___ SUPPLIED INFORMATION ___

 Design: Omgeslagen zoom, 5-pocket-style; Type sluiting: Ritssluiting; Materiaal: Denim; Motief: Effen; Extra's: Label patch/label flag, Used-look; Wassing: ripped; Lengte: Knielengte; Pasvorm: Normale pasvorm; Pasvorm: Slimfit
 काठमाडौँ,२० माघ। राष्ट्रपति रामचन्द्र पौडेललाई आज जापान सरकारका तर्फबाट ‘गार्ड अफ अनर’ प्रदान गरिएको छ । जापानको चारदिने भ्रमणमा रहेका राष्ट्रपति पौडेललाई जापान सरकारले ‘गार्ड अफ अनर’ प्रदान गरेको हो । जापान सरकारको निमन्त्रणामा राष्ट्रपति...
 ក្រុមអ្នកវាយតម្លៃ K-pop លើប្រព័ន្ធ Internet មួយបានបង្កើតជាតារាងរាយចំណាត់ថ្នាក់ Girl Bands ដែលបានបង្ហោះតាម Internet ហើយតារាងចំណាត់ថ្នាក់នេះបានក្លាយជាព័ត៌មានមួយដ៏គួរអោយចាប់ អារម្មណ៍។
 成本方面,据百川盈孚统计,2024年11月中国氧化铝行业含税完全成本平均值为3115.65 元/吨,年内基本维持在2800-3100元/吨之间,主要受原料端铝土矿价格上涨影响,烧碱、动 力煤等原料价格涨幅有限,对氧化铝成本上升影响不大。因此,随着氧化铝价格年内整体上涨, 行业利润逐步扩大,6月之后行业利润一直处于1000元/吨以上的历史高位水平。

___

* TASK TO COMPLETE
Each line from the top of the listing down to and including the one containing "ក្រុមអ្នកវាយតម្លៃ K-pop លើប្រព័ន្ធ" should be transcribed exactly; nothing else is to be output.

* TASK RESPONSE
 Design: Omgeslagen zoom, 5-pocket-style; Type sluiting: Ritssluiting; Materiaal: Denim; Motief: Effen; Extra's: Label patch/label flag, Used-look; Wassing: ripped; Lengte: Knielengte; Pasvorm: Normale pasvorm; Pasvorm: Slimfit
 काठमाडौँ,२० माघ। राष्ट्रपति रामचन्द्र पौडेललाई आज जापान सरकारका तर्फबाट ‘गार्ड अफ अनर’ प्रदान गरिएको छ । जापानको चारदिने भ्रमणमा रहेका राष्ट्रपति पौडेललाई जापान सरकारले ‘गार्ड अफ अनर’ प्रदान गरेको हो । जापान सरकारको निमन्त्रणामा राष्ट्रपति...
 ក្រុមអ្នកវាយតម្លៃ K-pop លើប្រព័ន្ធ Internet មួយបានបង្កើតជាតារាងរាយចំណាត់ថ្នាក់ Girl Bands ដែលបានបង្ហោះតាម Internet ហើយតារាងចំណាត់ថ្នាក់នេះបានក្លាយជាព័ត៌មានមួយដ៏គួរអោយចាប់ អារម្មណ៍។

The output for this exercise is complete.